Вещах, которые довели его до самоубийства.

Замолчи. Просто перестань. — Я сжимаю руками виски, моя голова, кажется, сейчас взорвется. — Я не могу говорить об этом прямо сейчас, ладно? Просто не могу. — И я снова умоляю, опуская руки, обхватывая себя за талию и замыкаюсь в себе.

— Если не сейчас, то, когда? Ты не хочешь говорить со мной об этом. Ты отказываешься признать это. Даже когда реальность того бардака, что он оставил смотрит тебе в лицо. Каждый раз, когда ты запираешь себя в этой крошечной спальне, каждый раз, когда не решаешься купить себе кофе, задумываясь над балансом своего банковского счета. Он сделал это с тобой — он оставил тебя в этом состоянии неопределенности. Если бы не твоя подруга Сорайя, было бы еще хуже, ты могла оказаться в тюрьме. Ты ведь знаешь, что это правда.
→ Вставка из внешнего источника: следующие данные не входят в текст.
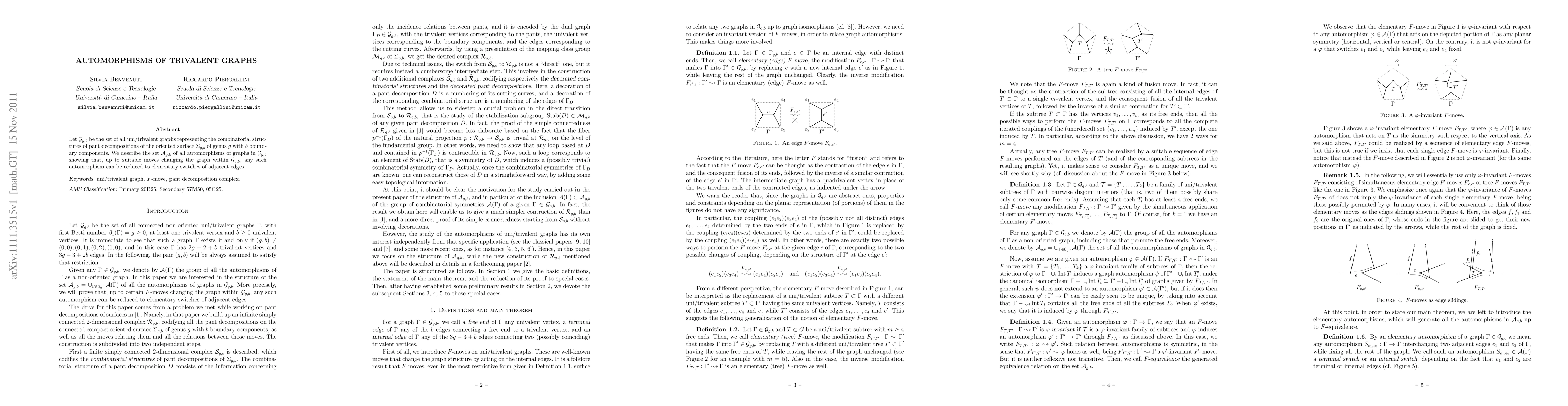 This paper investigates the automorphisms of trivalent graphs representing pant decompositions of oriented surfaces. It demonstrates that any automorphism of such graphs can be simplified to elementary switches of adjacent edges, up to moves within the defined graph set.

— Я знаю, но не могу...Пока еще.

— Ты должна взять себя в руки, может посетить психоаналитика. И найти работу. Ты должна вернуться к человеческому роду.

Когда она вздыхает, я вижу напряженность на ее лице, но прямо сейчас я не могу о ней думать. Как обычно, я предпочитаю об этом не думать.
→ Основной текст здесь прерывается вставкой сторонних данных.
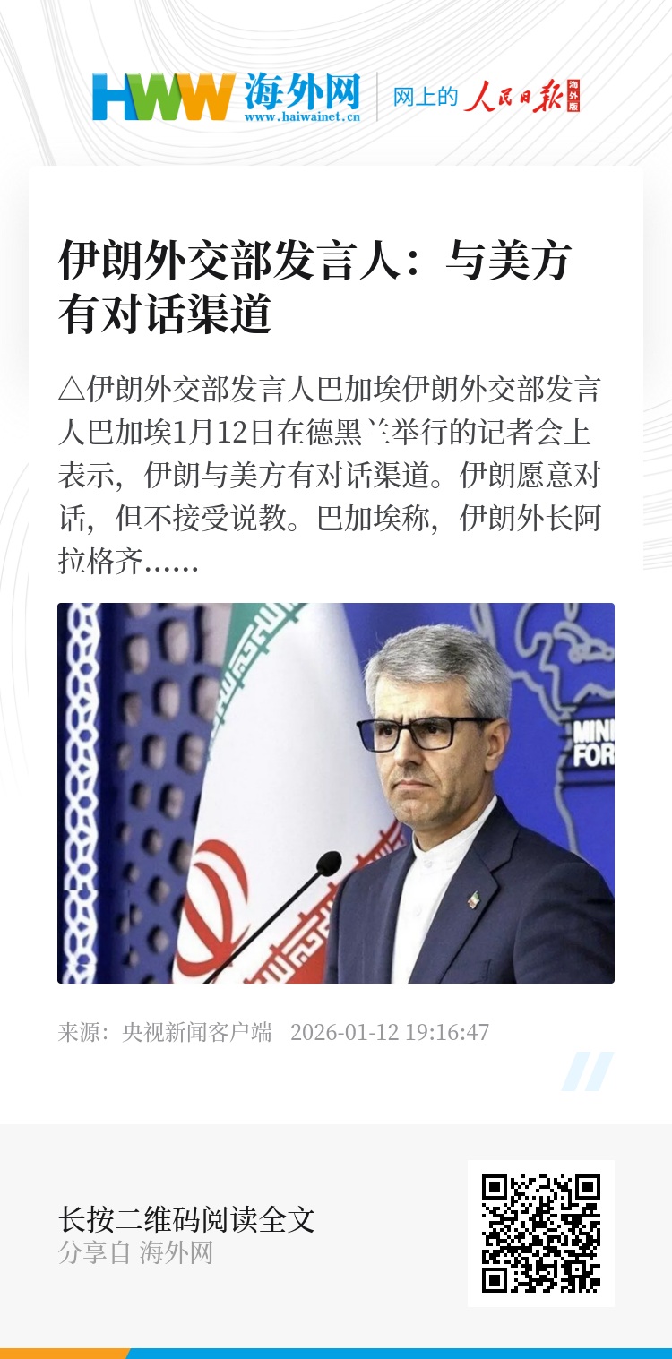伊朗外交部发言人巴加埃1月12日在德黑兰举行的记者会上表示,伊朗与美方有对话渠道。伊朗愿意对话,但不接受说教。

— Я — я пойду, налью себе еще кофе. — Не дав ей возможности заговорить, я спрыгиваю с дивана. — Хочешь чашечку? — Я притворяюсь, что не слышала ее расстроенного вздоха.

Добро пожаловать в мою субботу.


Глава седьмая.


Фин.

Я прихожу в себя, резко вскакивая с постели, кашляя и задыхаясь. Кислород и мое дыхание перестали быть друзьями. Мое сердце колотится где-то в районе горла, оставляя после себя ужасное чувство опустошенности в грудной клетке.

Кошмар наяву.

Пробуждение никогда не было моим любимым состоянием, но в течение нескольких недель после смерти Маркуса, я обнаружила, что не в состоянии бодрствовать и большую часть времени спала. Избегая реальности, думаю. Я просто не могла выбраться из нашей постели, как будто горе и чувство вины придавливали меня к матрасу своими невидимыми руками и держали в плену. Но это был не настоящий сон. Спокойный сон. Он больше походил на потерю сознания, во время которой я вынуждена была наблюдать за нашим последним проведенным вместе утром, события которого прокручивались в моей голове снова и снова.
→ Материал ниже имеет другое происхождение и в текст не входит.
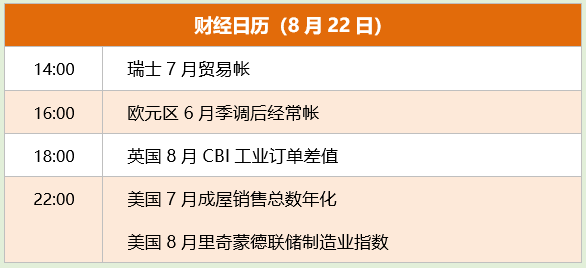 财政部:为加快海河流域性特大洪水灾后恢复重建,财政部、水利部再次预拨5亿元,支持天津、河北对国家蓄滞洪区运用期间群众的农作物、专业养殖、经济林、住房、家庭农业生产机械等水毁损失予以补偿,帮助灾区尽快恢复正常生产生活秩序,全力保障人民群众生命财产安全。 商务部:预计全年服务进出口规模将保持增长。面对复杂严峻的外部环境,我国服务贸易显示出较强的发展韧性,保持较快增长。我国服务业基础不断夯实,服务领域对外开放持续深化,数字化、绿色化“双轮驱动”服务贸易创新发展,有利因素在不断积累。预计全年服务进出口规模将保持增长,贸易结构将持续优化。 新华社:今年前7个月,我国与俄罗斯、巴西、印度、南非四个金砖国家进出口总值2.38万亿元,同比增长19.1%,远超同期我国外贸0.4%的整体增速,占我国外贸进出口比重提升1.6个百分点至10.1%。 发改委:部署有关省份在防汛救灾和灾后恢复重建中大力实施以工代赈,切实发挥“赈”的政策功能作用,全力支持受灾地区统筹做好灾后恢复重建和巩固拓展脱贫攻坚成果工作。要依托以工代赈项目建设积极开展以工代训,提升受灾群众就业技能,合理设置公益性岗位。 经济参考报:新一轮国企改革提升行动已启动,众多央企正在制定集团层面的改革实施方案,有望在8月底前完成。新一轮国企改革提升行动的重要任务之一是优化国有经济布局和结构,重组整合仍将是重要抓手。业内预计后续围绕15个重点战略性新兴产业的并购重组将更加活跃。 海关总署:自2022年5月以来,猴痘疫情持续在全球多个区域广泛流行。近期,欧洲、美洲和西太平洋区域猴痘疫情呈上升趋势。特发布《关于防止猴痘疫情传入我国的公告》,来自猴痘疫情发生国家(地区)的人员如出现发热等相应症状,入境时应主动向海关申报。 香港政府统计处:7月综合消费物价指数同比上涨1.8%,较今年6月的1.9%略低。剔除政府单次纾困措施影响,基本通胀率为1.6%,也较6月的1.7%略低。在各类消费项目中,7月价格同比上涨的类别为烟酒(上升18.4%)、电力、燃气及水(上升9.9%)、衣履(上升6.6%)等。 央视新闻:日本首相岸田文雄在记者会上称,福岛第一核电站核污染水排海已获得渔民的一定理解,计划最早从24日开始将核污染水排入海洋,目前正在对此进行最终协调。另据日本共同社报道,日本政府将于22日10时召开相关阁僚会议,决定福岛第一核电站核污染水排海时间。

Он попрощался? Может я упустила какую-то зацепку?

В последнее время я легко засыпаю только с помощью таблеток. Без них я сплю урывками, меня мучают кошмары. Кошмары, которые преследуют меня при свете дня. В течение нескольких минут после того, как открываю глаза, я чувствую себя нормально, словно застряла где-то между сном без сновидений и пока еще нереализованной реальностью дня. Подсознательно, я чувствую, что чего-то не хватает, но на какую-то блаженную секунду я не уверена, чего. Я просто в порядке. Ничего плохого не произошло. Все остается, как прежде. В естественном порядке вещей туман дремоты рассевается, и с ним приходит холодная реальность: у меня больше нет мужа. Дома. Места в этом мире.

Или, временами, я просыпаюсь такой.

В ужасе. Чувствую, что задыхаюсь. Мой нос горит от фантомного жжения соленой воды, а мою кожу покалывает от солнечного ожога. Знаю, это не имеет смысла, это погружение в сопереживание, но тем не менее, я сжимаюсь, кашляя и задыхаясь, отчаянно борясь за свою жизнь.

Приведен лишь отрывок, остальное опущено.